Environmental insurance lessons from the oil & gas patch and ebola epidemic

Ebola virus is now specifically excluded as an organic pathogen from many standard policies.

By Samantha Wright

The dramatic decline of production in the oil and gas industry over the past year has sent ripples throughout the insurance marketplace.

But the slowdown doesn’t mean companies are throwing their environmental coverage out the window to save money, said Stacy Brown, President of Freberg Environmental, Inc., a Denver-based insurance program manager that specializes in developing, marketing and underwriting environmental insurance programs.

“Some of these guys have been in business for 15 or 20 years, and they don’t want to lose their retroactive date,” Brown explained. “They are savvy enough to know they need to keep coverage in place to maintain continuous coverage on their professional liability or pollution coverage.”
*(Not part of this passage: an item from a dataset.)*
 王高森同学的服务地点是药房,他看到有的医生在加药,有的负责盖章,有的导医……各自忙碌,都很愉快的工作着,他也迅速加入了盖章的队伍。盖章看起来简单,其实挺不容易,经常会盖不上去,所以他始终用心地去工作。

Another coverage issue that came to the forefront over the past year grew out of the Ebola scare. During the height of the epidemic, as fear of Ebola infections spread to developed economies, U.S. and British insurance companies began specifically excluding the Ebola virus from their standard policies as an organic pathogen.

As word got out that the virus could be specifically excluded, it sent a lot of people scrambling to find out whether they had coverage, said Garick Zillgitt, Senior Vice President Environmental at Rockhill Insurance Group of Kansas City.
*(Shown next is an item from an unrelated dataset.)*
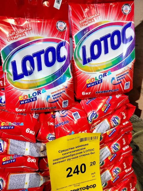 А вот еще один герой полок — стиральный порошок LOTOC. Шестикилограммовая упаковка, цена — всего 240 рублей. Производитель из Новосибирска обещает аж 80 стирок. Верится с трудом, но математика простая: пачка большая, значит, и стирок много. По характеристикам — полный аналог Safir: универсальный, для автоматической и ручной стирки, для белого и цветного.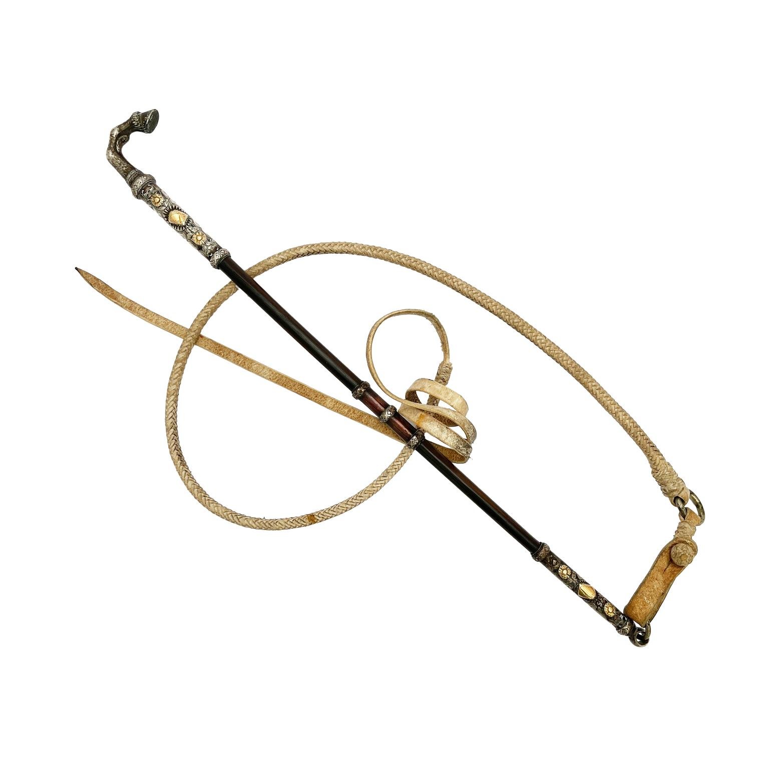 Fusta en bigote de ballena con cabo, pasador y puntera en plata y oro cincelados «hojas y flores». Cabo esculturado «pata de caballo». Sotera en fino cuero trenzado.

The exclusion impacted not only hospitals, event organizers and other businesses vulnerable to local disruptions, but also the contractors going in to clean and sterilize a potentially contaminated apartment.

The upshot? Relevant insurance policies need to be reviewed to see how they would respond to specific loss scenarios, Zillgitt advises. “Certain contractors pollution liability policies extend coverage to virus and organic pathogen coverage (often contained within the mold coverage grant), while others do not,” he said. And when it comes to risks that may have Ebola-like loss scenarios, “Purchasing coverage that extends to organic pathogens and viruses is likely worth the premium.”